**THE INPUT**.
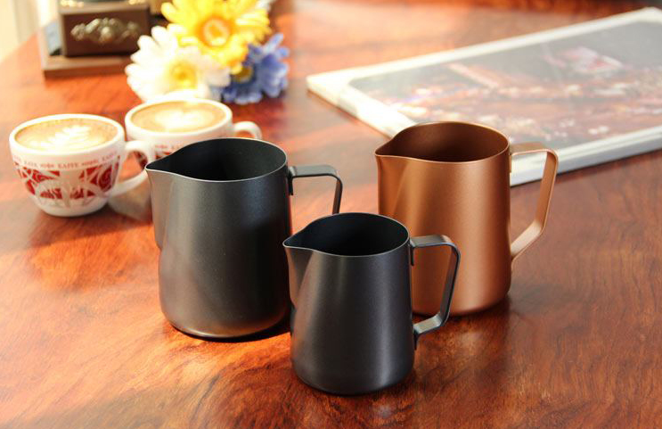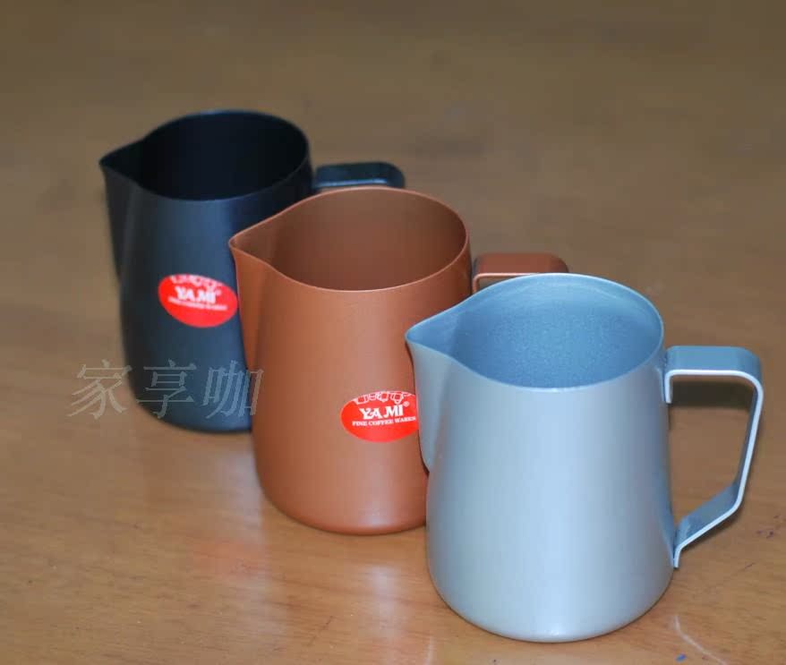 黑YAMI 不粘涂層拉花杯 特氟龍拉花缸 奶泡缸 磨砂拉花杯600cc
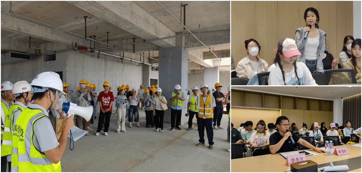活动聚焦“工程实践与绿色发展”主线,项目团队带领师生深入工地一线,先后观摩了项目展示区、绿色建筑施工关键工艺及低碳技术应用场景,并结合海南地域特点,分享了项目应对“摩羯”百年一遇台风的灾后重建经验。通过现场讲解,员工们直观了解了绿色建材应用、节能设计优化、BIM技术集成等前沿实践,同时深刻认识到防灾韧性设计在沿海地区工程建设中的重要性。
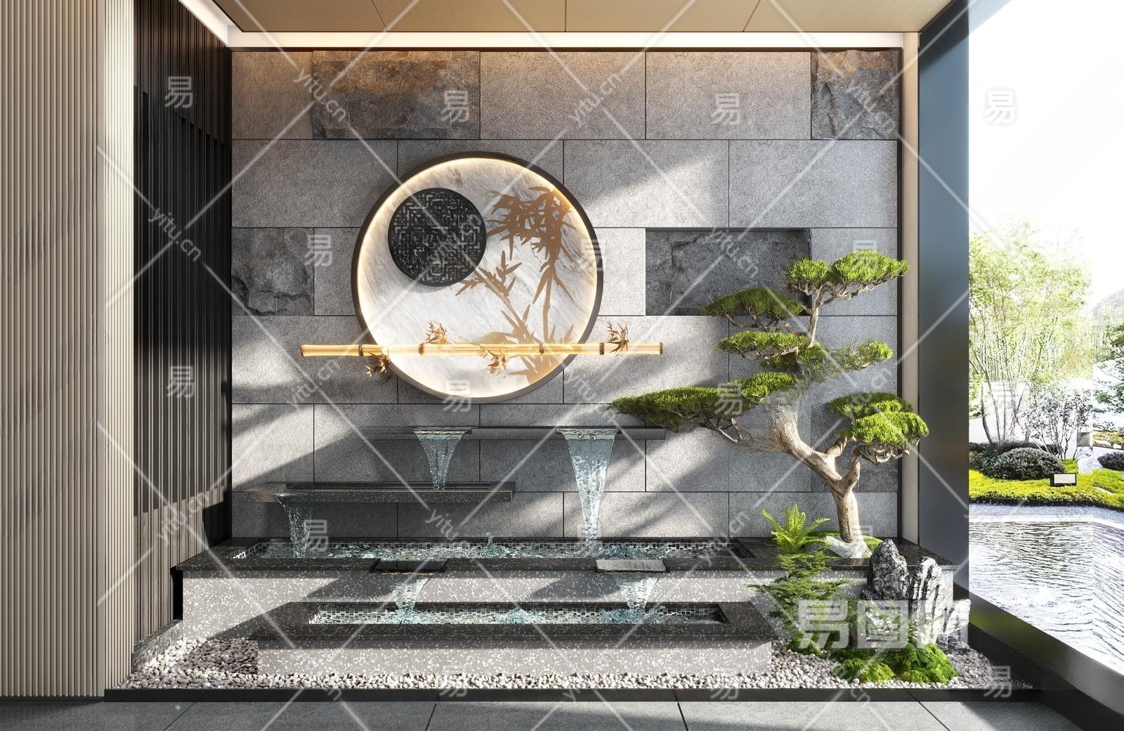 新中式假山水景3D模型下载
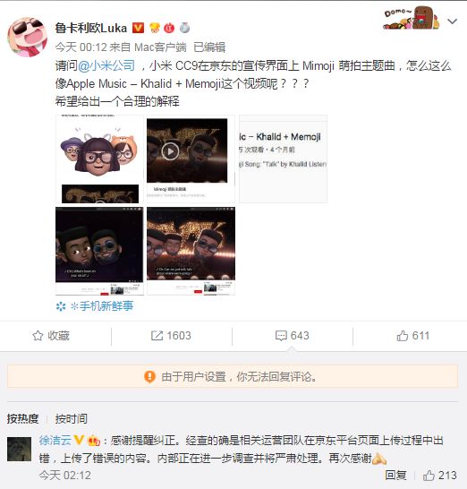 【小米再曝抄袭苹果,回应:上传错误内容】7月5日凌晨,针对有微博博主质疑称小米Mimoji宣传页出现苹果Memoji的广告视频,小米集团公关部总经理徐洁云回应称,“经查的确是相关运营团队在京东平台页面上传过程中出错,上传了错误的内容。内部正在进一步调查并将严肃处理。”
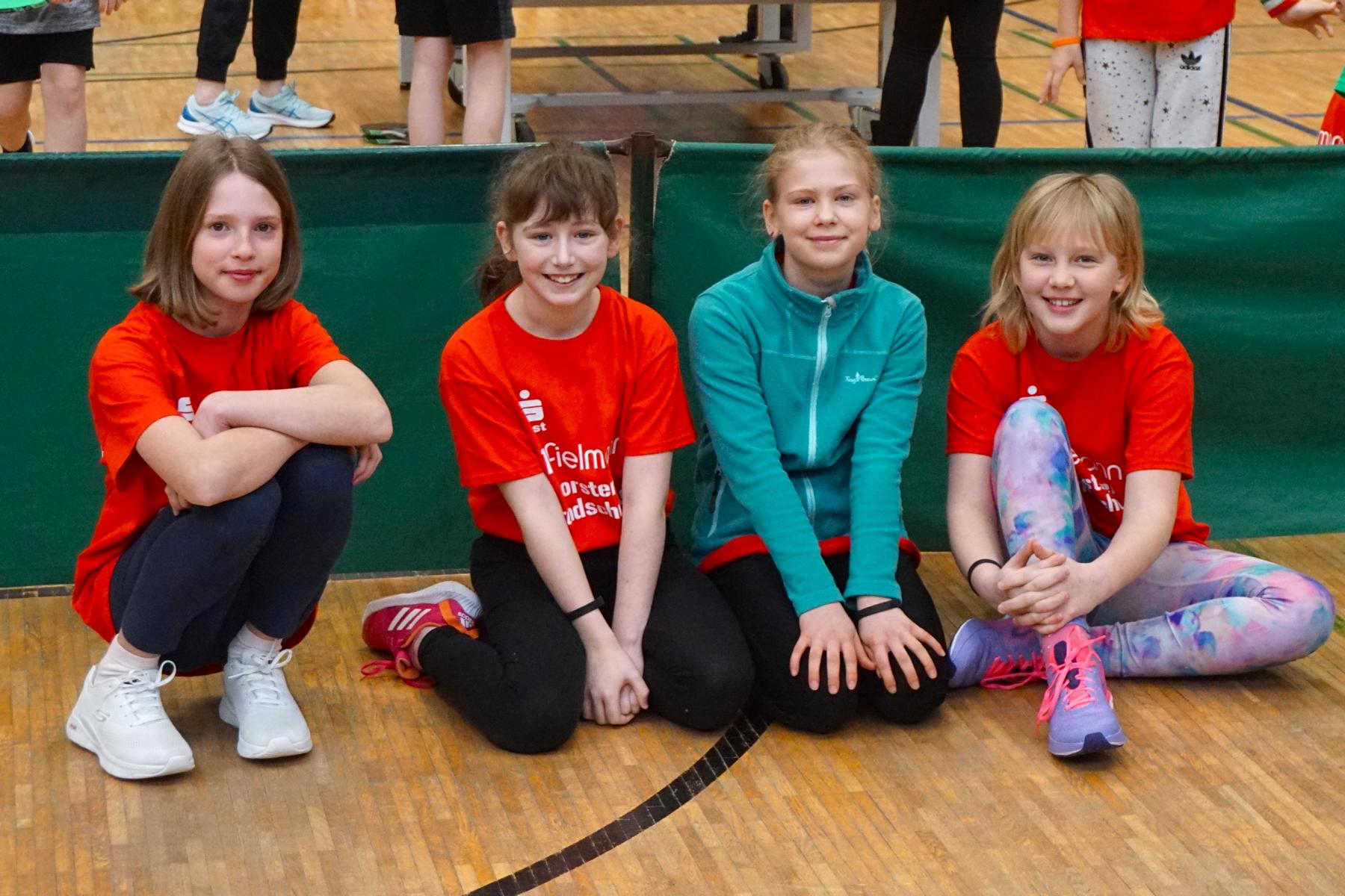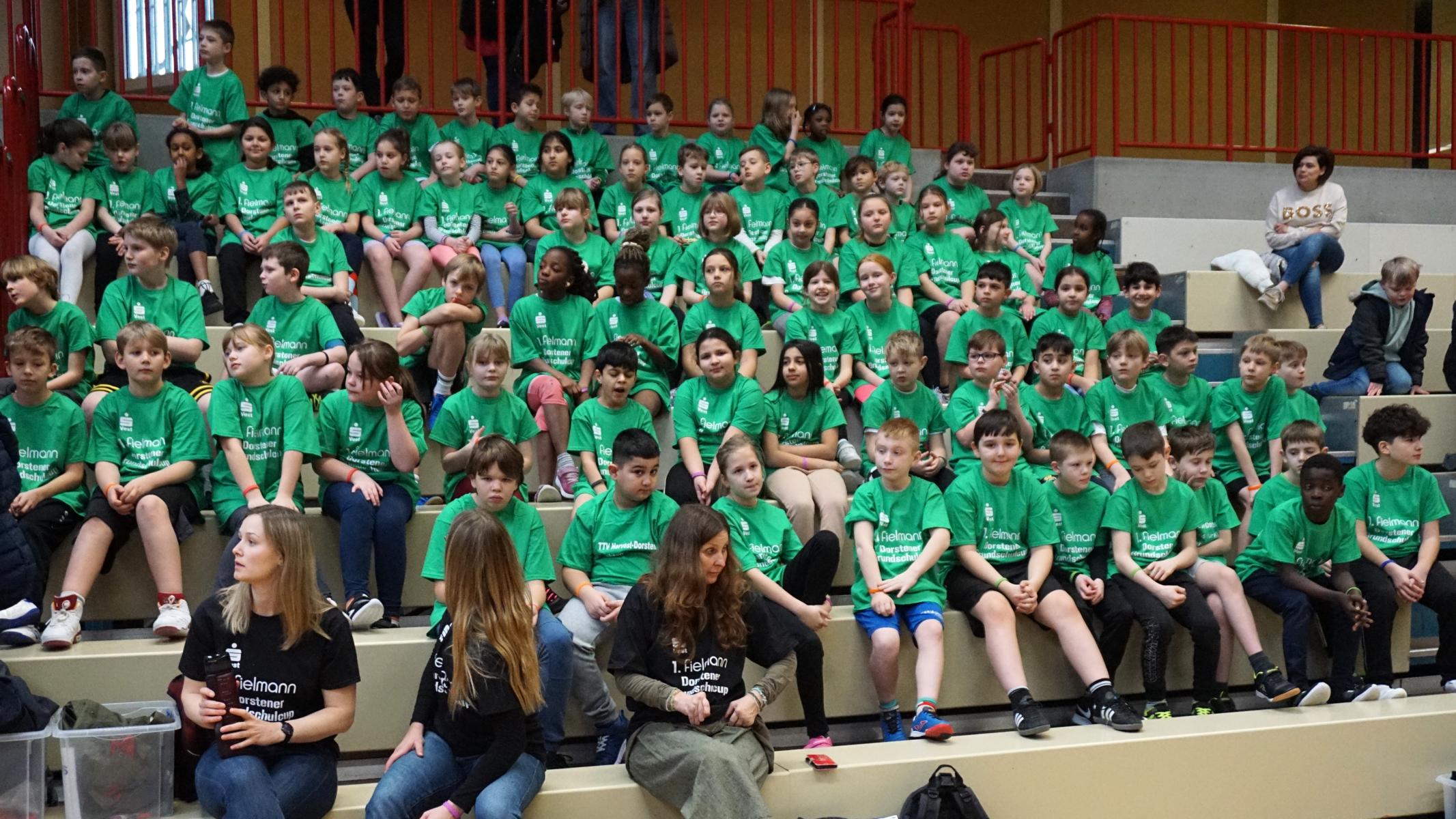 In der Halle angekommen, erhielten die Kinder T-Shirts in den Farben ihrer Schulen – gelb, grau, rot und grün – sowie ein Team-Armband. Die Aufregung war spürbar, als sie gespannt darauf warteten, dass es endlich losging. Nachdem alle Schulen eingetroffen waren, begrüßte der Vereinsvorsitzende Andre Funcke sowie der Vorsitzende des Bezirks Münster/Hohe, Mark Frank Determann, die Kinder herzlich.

---

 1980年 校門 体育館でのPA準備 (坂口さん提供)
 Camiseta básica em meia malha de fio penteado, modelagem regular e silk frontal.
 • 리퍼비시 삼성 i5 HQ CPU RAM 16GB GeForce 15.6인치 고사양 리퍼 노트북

**EXERCISE INSTRUCTIONS**.
Nothing but the lines from the one with "黑YAMI 不粘涂層拉花杯 特氟龍拉花缸 奶泡缸 磨砂拉花杯600cc" to the one with "In der Halle" above, both included, should be transcribed, exactly and without pictures.

**ANSWER TO THE PROBLEM**.
 黑YAMI 不粘涂層拉花杯 特氟龍拉花缸 奶泡缸 磨砂拉花杯600cc
活动聚焦“工程实践与绿色发展”主线,项目团队带领师生深入工地一线,先后观摩了项目展示区、绿色建筑施工关键工艺及低碳技术应用场景,并结合海南地域特点,分享了项目应对“摩羯”百年一遇台风的灾后重建经验。通过现场讲解,员工们直观了解了绿色建材应用、节能设计优化、BIM技术集成等前沿实践,同时深刻认识到防灾韧性设计在沿海地区工程建设中的重要性。
 新中式假山水景3D模型下载
 【小米再曝抄袭苹果,回应:上传错误内容】7月5日凌晨,针对有微博博主质疑称小米Mimoji宣传页出现苹果Memoji的广告视频,小米集团公关部总经理徐洁云回应称,“经查的确是相关运营团队在京东平台页面上传过程中出错,上传了错误的内容。内部正在进一步调查并将严肃处理。”
 In der Halle angekommen, erhielten die Kinder T-Shirts in den Farben ihrer Schulen – gelb, grau, rot und grün – sowie ein Team-Armband. Die Aufregung war spürbar, als sie gespannt darauf warteten, dass es endlich losging. Nachdem alle Schulen eingetroffen waren, begrüßte der Vereinsvorsitzende Andre Funcke sowie der Vorsitzende des Bezirks Münster/Hohe, Mark Frank Determann, die Kinder herzlich.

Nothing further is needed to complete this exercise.